Not yet – if I have anything to do with it.’

  I stared down at the figure in the bed. The warm, peaceful atmosphere had dissipated. ‘You’re hurting me, Nathan.’ He released my hand. ‘Don’t you think Felix should learn that the world isn’t fair?’

  ‘At five, Minty. Are you totally without mercy?’

  ‘Almost six,’ I heard myself say.

  Felix was the younger by ten minutes. It was nothing and everything. Ten minutes had given Lucas the greater percentage of confidence and attention.

  ‘So, what do you want to do, Nathan? Tell Lucas he can’t be a Wise Man?’

  ‘If I ever see that woman, I’ll wring her neck.’

  ‘Why? She’s only doing her job.’

  There was a long silence, and Nathan whistled under his breath. ‘Well, the boys can count on their mother.’

  That hurt. ‘I see things differently, Nathan.’ I picked up the tray and prepared to leave the room. ‘While we’re on the subject of loyalty and support, are you coming to see them in the play?’

  Nathan rubbed his earlobe, and I glimpsed a bone-deep weariness that frightened me a little. He was only fifty-five. As it happens the fifth is a bad day – big meeting scheduled – but I’ll talk to Roger.’
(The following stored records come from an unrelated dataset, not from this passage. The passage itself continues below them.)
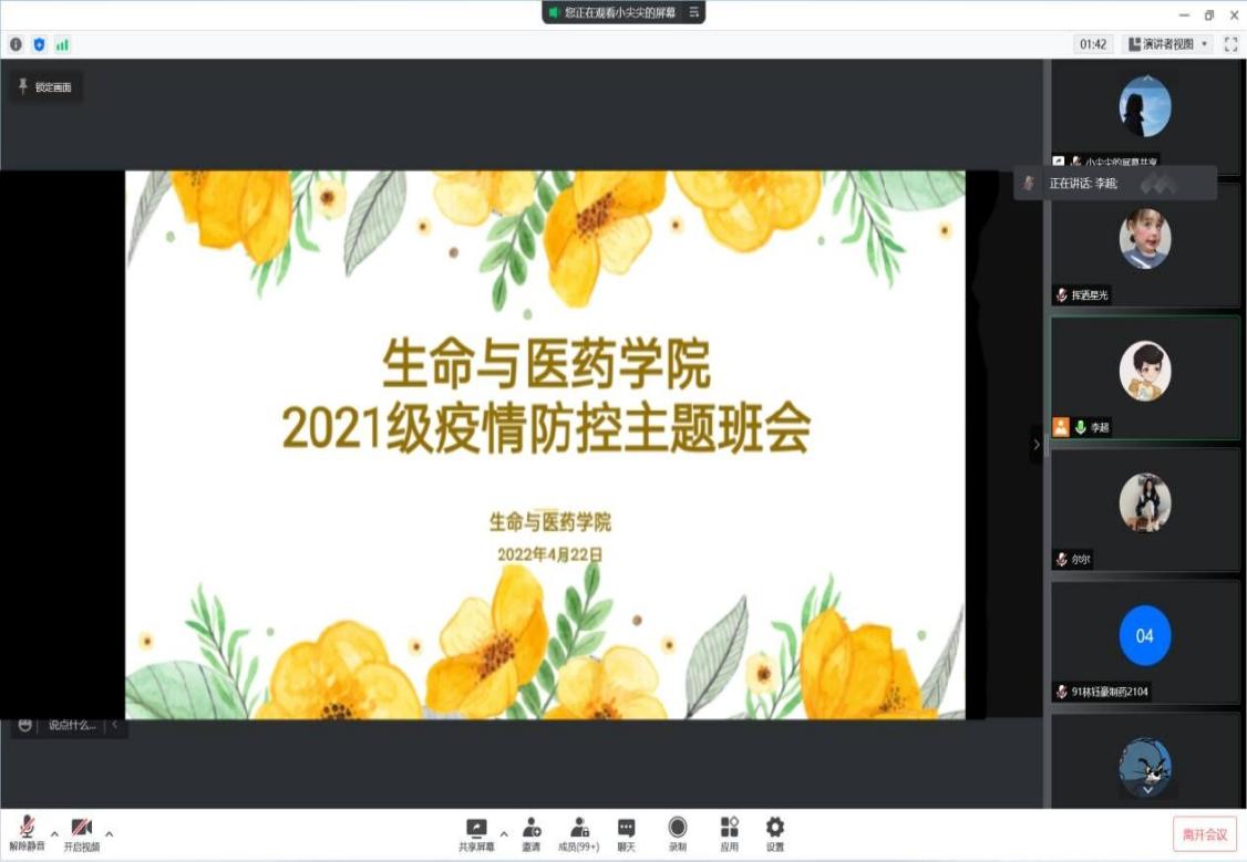4月22日晚,谈球吧2021级利用腾讯会议召开线上疫情防控主题班会,2021级全体员工参加,辅导员李超主持会议。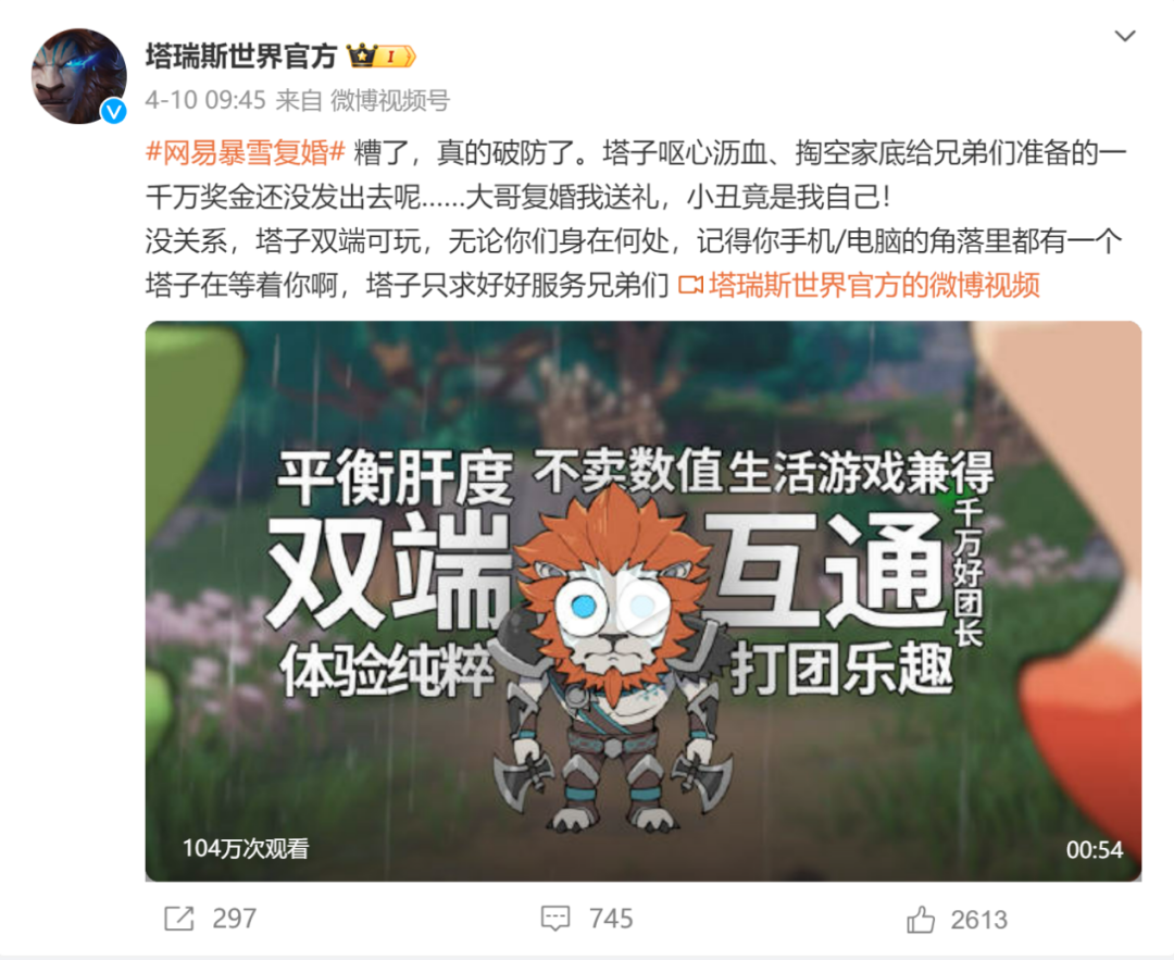 比如今年4月10日,网易与暴雪官宣更新游戏协议,将会把玩家喜爱的游戏带回中国。《塔瑞斯世界》就立刻跟进,在微博上发布了一段小动画,表明制作组呕心沥血、掏空家底给玩家们争取的一千万奖金还没有发出去。“大哥复婚我送礼,小丑竟是我自己!”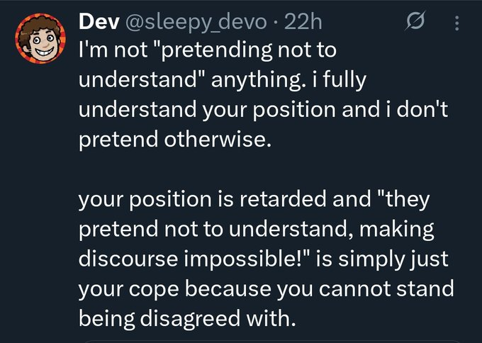 >>525824564That tweet is stupid. It just holds true for both sides. And the "pretend not to understand" thing is real with leftists. They pretend not to know things like basic context or facts of events and issues and effectively become timewasters that force you to re-litigate everything in every instance of discussion.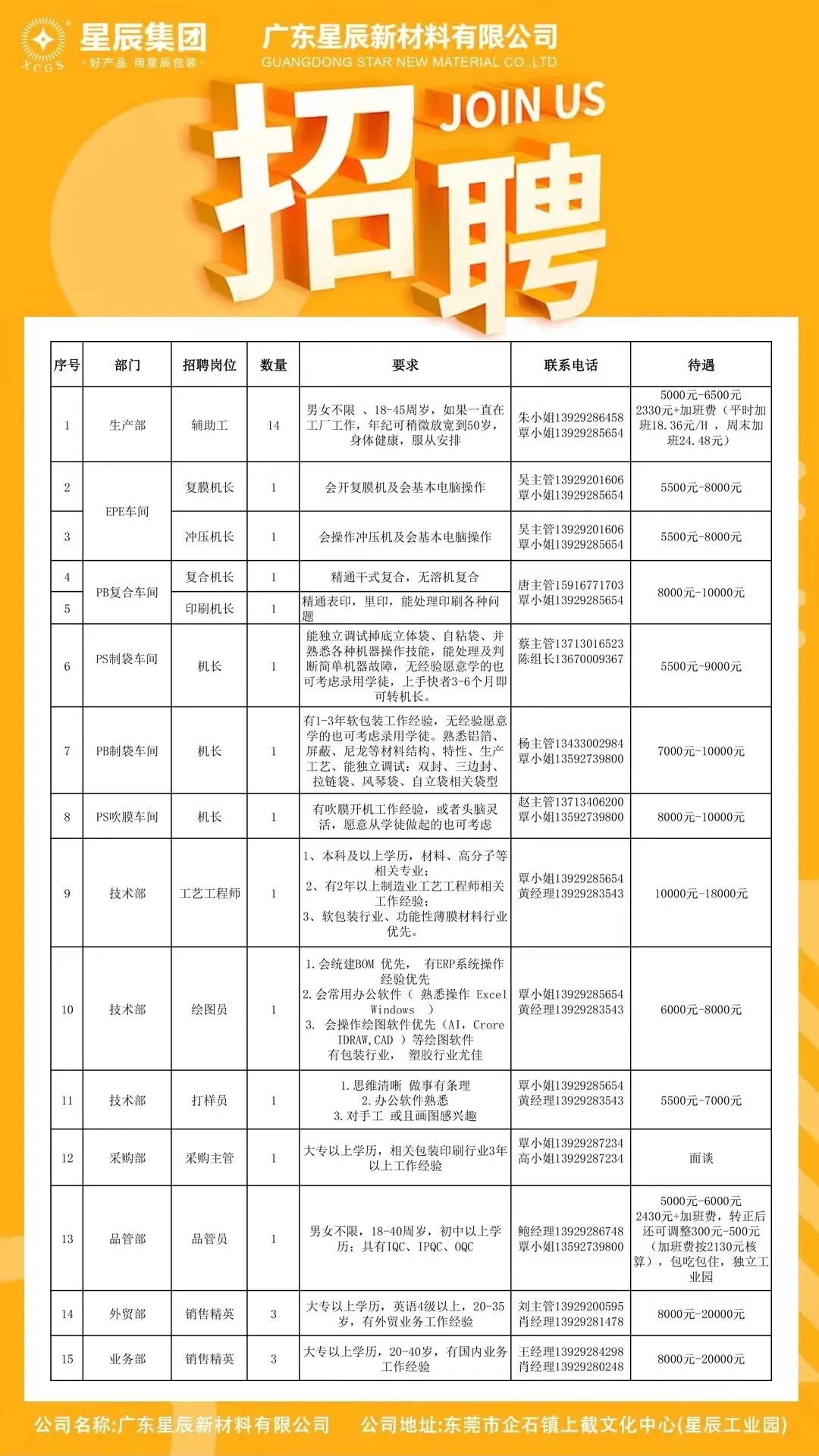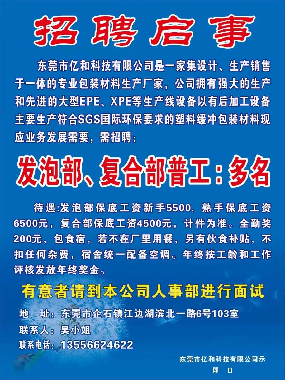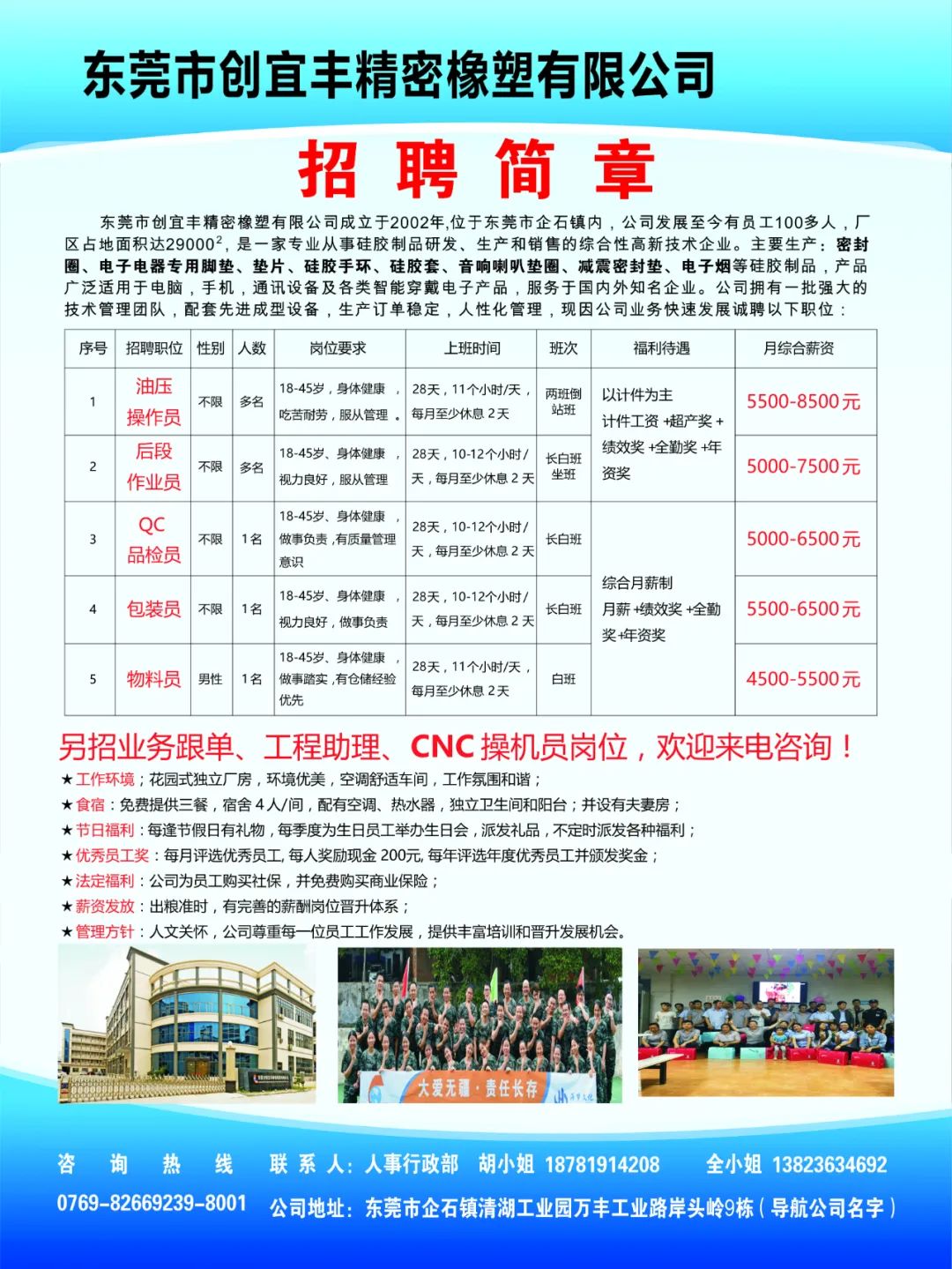 我司主要生产:两轴三轴四轴高速全自动流延缠绕膜机组、CPE/PEVA /CPP多层共挤流膜机组,智能化全自动拉伸缠绕膜(保鲜膜)机组等高端流延膜装备,现工厂扩大诚聘:【1】机械制图员/助理工程师3名 7K-8K/月.【2】机械工程师2名 15K-20K/月(塑料挤出机械设计经验/流延薄膜/片板材/挤出吹塑/挤出淋覆等行业优先。能独立承担挤出机系统,成型系统,收卷系统,辅助系统的设计)【3】外贸业务8K-10K+1.5-2%(提成)【4】国内业务6K-10K+1-1.5%(提成)【5】焊工师傅3名 8K-12K/月(有焊工证、熟悉焊接工艺图,试用期后不保底无底薪计件)【6】CNC操作员2名 6K-8K/月(有夜班)【7】CNC学徒1名 5K-6K/月(有夜班)【8】PMC 2名8K-10K/月【9】仓管员2名 5.5K-6K/月(会开3吨叉车者优先考虑)【10】品管员3名 6K-8K/月(机械装配、焊接工艺熟悉)【11】装配钳工师傅4名 8K-12K/月(整机机械装配,试用期后不保底无底薪计件)【12】研发文员1名 4.5K-5.5K/月【13】电气工程师助理 7K-8K/月【14】普工1名 5K-6K/月【15】下料工1名 5K-6K/月,有机械五金行业工作经验投递简历即可面试。包食宿、环境优美、入职就买五险、全勤奖、绩效奖、生日会奖、优秀员工奖、年终奖等。广东省东莞市企石镇莫屋基围工业路3号,0769-82816015/18046936386/欧小姐(微信同号)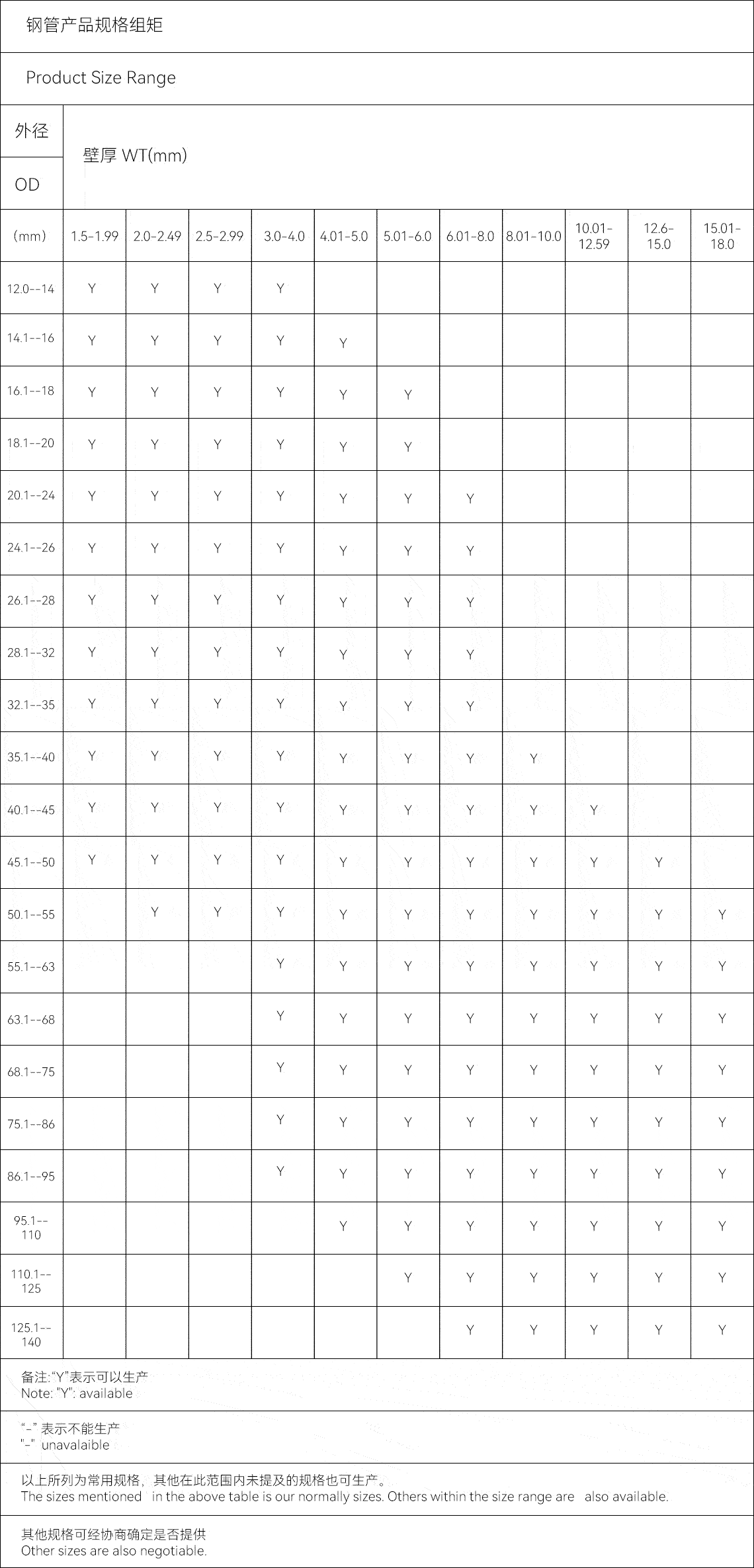 鋼管產品規格組矩Product Size Range外徑壁厚 WT(mm)OD(mm)1.5--1.992.0--2.492.5--2.993.0--4.04.01--5.05.01--6.06.0...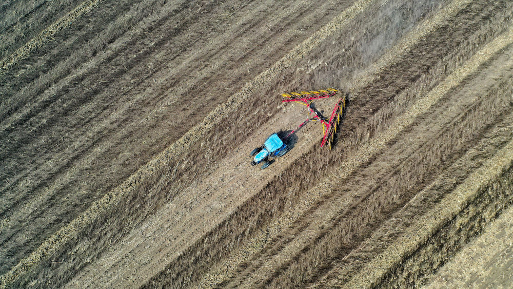 经过多年试验和推广,东北逐步形成以秸秆覆盖、少耕免耕为特点的吉林“梨树模式”等多种行之有效的保护性耕作模式。这是2020年5月7日,吉林省四平市梨树县的农民驾驶免耕播种机播种玉米。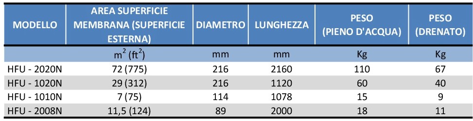 • Materiale delle membrane = PVDF (Polivinilidenfluoruro);
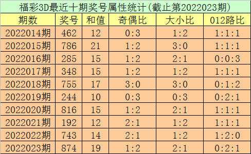 开奖回顾:第2022023期福彩3D奖号为874。奖号形态为组六,大小比为2:1,和值为19,奇偶比为1:2,012路比为0:2:1,跨度为4。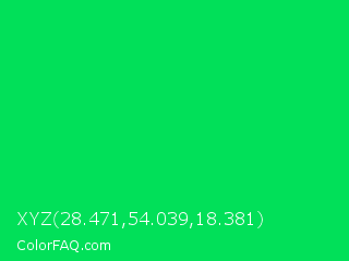 XYZ 28.471,54.039,18.381 Color is a normal green color and the nearest color is Malachite #0bda51. Hex code #01e059 and RGB value is rgb(1,224,89). In RGB color space, this color is composed of 0% red, 88% green, 35% blue, In CMYK color space, this color is composed of 100% cyan, 0% magenta, 60% yellow , 12% black , In HSL color space, this color has a hue angle of 144° , 99% saturation and 44% lightness.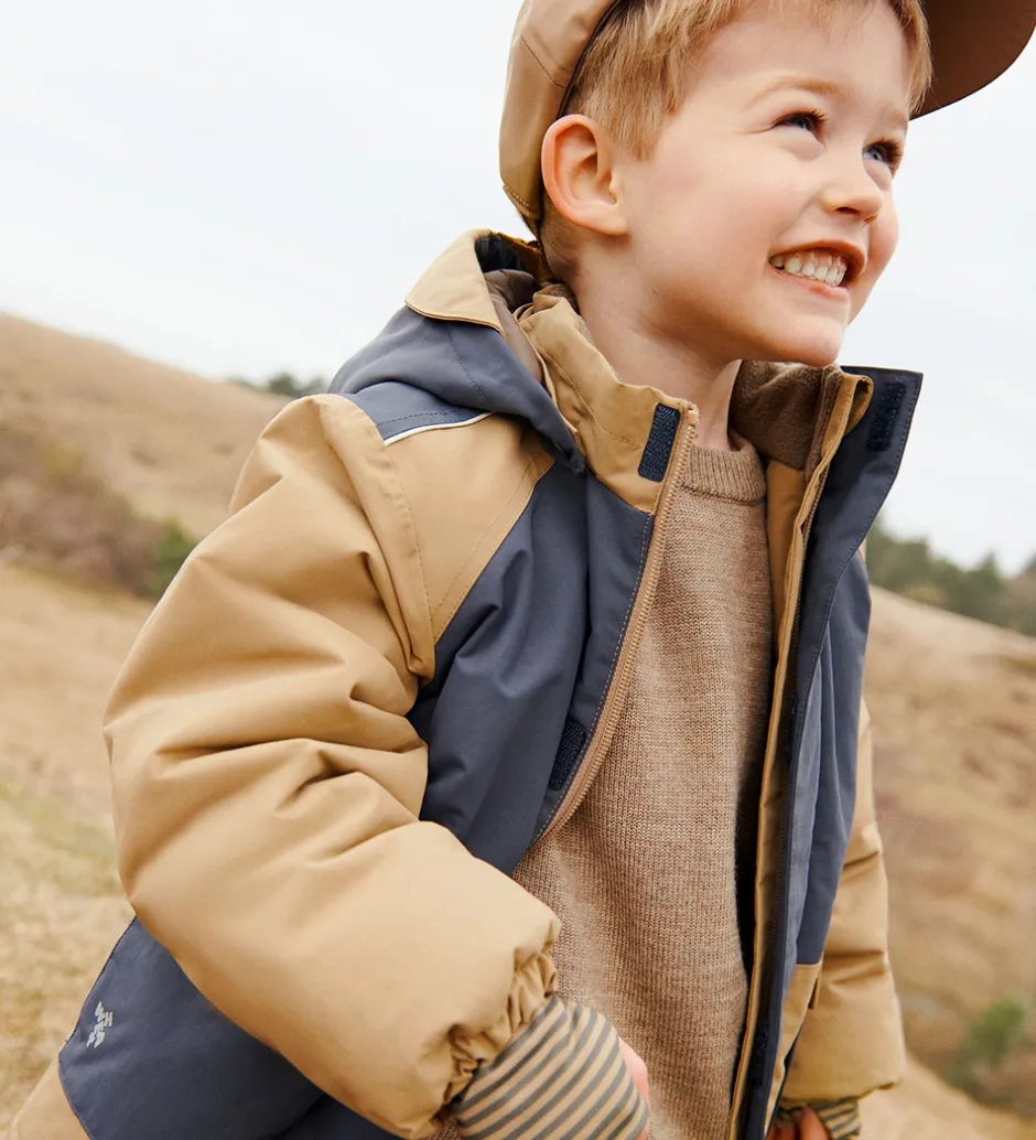 Fin Wheat vinterjakke i beige og gråblå og med velplacerede reflekslogoer og -detaljer.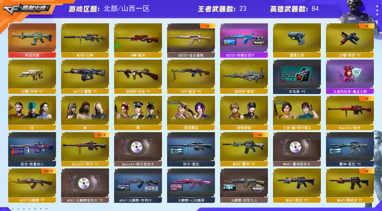 【m200幻神】【王者幻神】【传说光耀】【金色蔷薇】【6盘龙+7烈龙+1炼狱+死亡之眼】【雷霆套装】【火麒麟+火麒麟音效卡+冠军之心皮肤+传奇even皮肤】【雷神+雷神音效卡】【毁灭+毁灭音效卡】【王者冰魄 王者之心 王者之幻 王者之戮 王者之魄 王者之势 王者之武 王者之力 王者之怒 王者之霆】【烈火 天启 黑鲨 无影 机械迷城 黑龙 龙血 玫瑰精灵 超新星 黑武士 极光 裁决 aa12雷霆】——【热门武器/小人呛】【雷神精英刀锋 cat cop旗袍 】——【cop雷霆 天神*3 修罗 王者之魂】——【龙啸 尼泊尔雷霆 屠龙 王者之刺 王者之锋 王者之击 】——【雷霆投掷武器套装*7】——【角色】【葵 炫 樱】;RPK-盘龙,QBZ03-金色蔷薇,M200-幻神,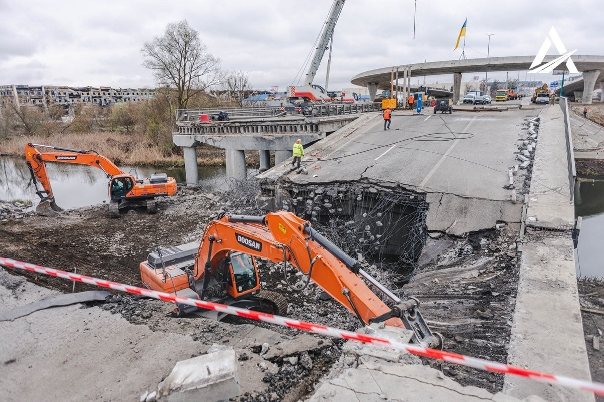 Оперативно почали розчищати трасу, і паралельно будувати тимчасову об'їзну дорогу. У кооперації з військовими за 13 днів звели тимчасову білощебеневу дорогу з переправою через річку Ірпінь та встановили дорожні знаки.

  I had a lightning change of heart. ‘Actually, Nathan, I’m not sure that’s a good idea. Don’t mention it to Roger. Trust me. Just don’t!

  ‘Do you know something?’ he asked sharply.

  ‘No, just instinct’

  ‘Hum,’ he said. ‘Your instincts are usually sound.’ He moved restlessly and the once neat bed was a muddle. ‘You think I’m not up to it any more?’

  ‘I didn’t say that.’

  ‘But you think it.’

  The question went through my mind: how would Rose have handled this? Nathan’s flash of neediness left me cold and unsympathetic – and I knew I was failing to grapple with the uncertainties and strains of his life. Instead I asked, ‘Nathan, do you want some coffee or tea?’